Николай Сергеевич растерялся от этой вспышки, вздрогнул от удара по столу.
– Но, Марусенька, – пробормотал он, – все сложилось замечательно. Ирочка была окружена любовью…
Он говорил, но сам не слышал своих слов, да и Мария Петровна не слышала. Она смотрела на него, сжав губы, прикусив язык.
Мария Петровна могла сказать! Ох, как она могла бы ответить! Сколько накопилось, сколько за последние сутки приросло! Вот только зачем рвать на куски больное сердце этого старика, когда-то бывшего ее мужем, навсегда оставшегося отцом ее единственного ребенка? Кому от ее гневных речей станет легче? Мария Петровна не дала сорваться с языка проклятиям.
– …прекрасный ровный характер… – продолжал говорить о дочери Николай Сергеевич.
– Все-таки давай выпьем, – перебила Мария Петровна и открыла бутылку, достала рюмки. – Не умрешь от трех капель коньяка.
– Не умру, – согласился Николай Сергеевич, поднял рюмку и провозгласил тост: – За твое, Маруся, здоровье!
– Плевать мне на здоровье!

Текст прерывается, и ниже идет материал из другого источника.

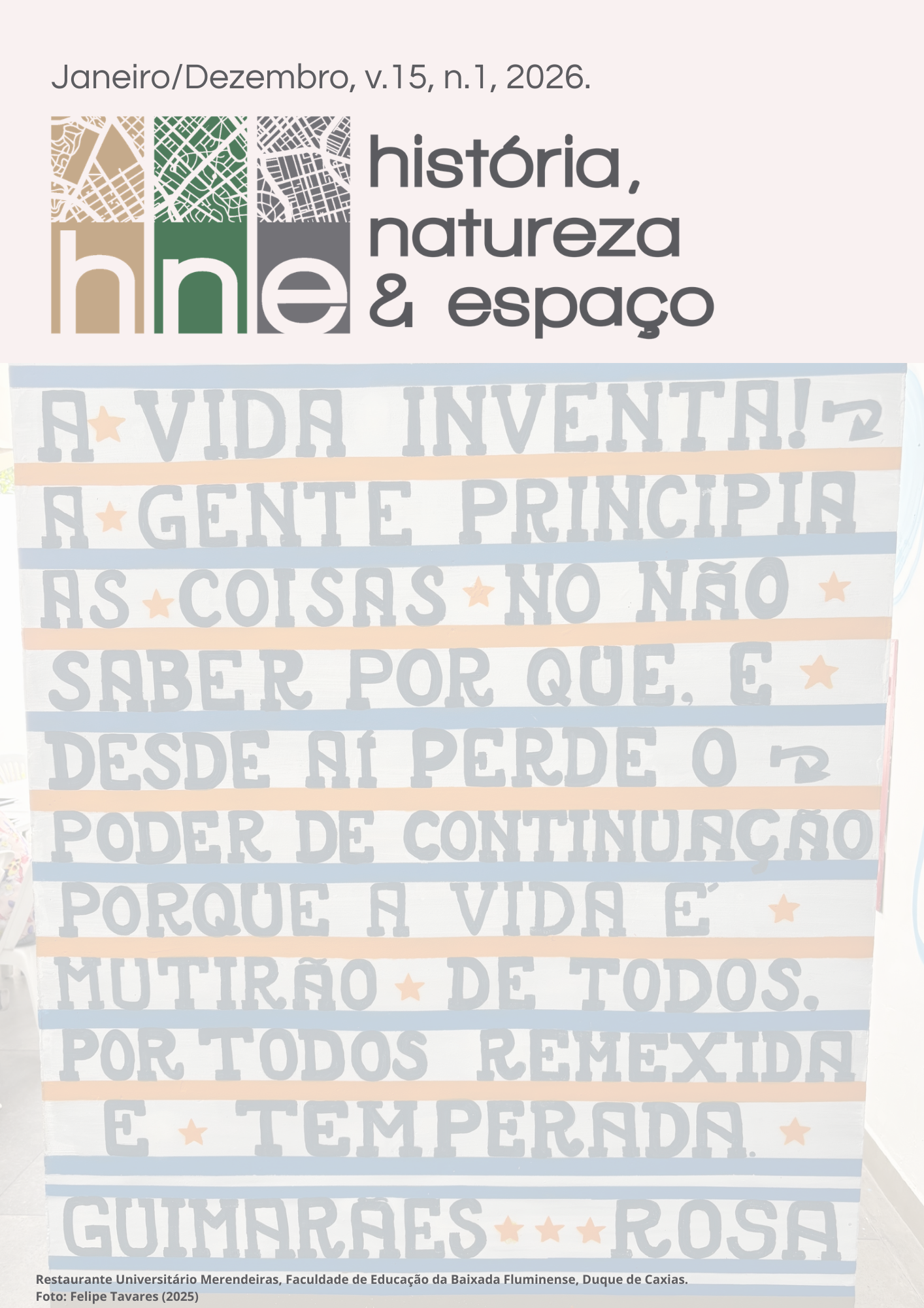 v. 15 n. 1 (2026)A partir de 2026, a Revista História, Natureza e Espaço adotou a periodicidade anual para a publicação de artigos, resenhas, notas e relatos de experiência. Deste modo, haverá uma edição por ano, na modalidade de publicação continuada.

Давай выпьем… За встречу и чтоб они сдохли!
– Кто?
– Враги Ирочки и внука.
– Но у них нет врагов!
– Это у тебя, рохля, врагов нет! А Ирочка из другого теста, мой замес, я видела. И Коленьку, по твоим рассказам, Бог характером не обидел, жару еще даст. Без врагов такие не обходятся. Подожди, закуску достану.
Две конфеты, мелькнувшие в начале их застолья, появились вновь на свет и были поделены поровну. Выпили, закусили.
Конфеты и скромные бутерброды навели Николая Сергеевича на мысль, что Маруся нуждается.
– Марусенька, я бы с радостью хотел… Давай буду помогать тебе материально?
– Ты что, окосел?
– Самую малость. Ведь ты по возрасту еще не на пенсии? И не работаешь?
– У меня любовник богатый.
– А? Что? Извини, – сконфузился Николай Сергеевич.
– Пошутила, нет у меня никакого любовника. Но если бы захотела, они б тут в очередь стояли.
– Верю.
– Знаешь, как-то с возрастом… пересыхает… нет желания. Кино смотрю, там целуются, если долго – раздражает.
– Меня тоже.
– Вдуматься, то есть убрать плотское желание, поцелуи – дурацкое и некрасивое занятие.
– Но, Марусенька, остаются еще чистые лобзания. Мне подчас хочется Николеньку осыпать поцелуями…
– Не трави душу!
– Прости! И все-таки хочу вернуться к материальному вопросу…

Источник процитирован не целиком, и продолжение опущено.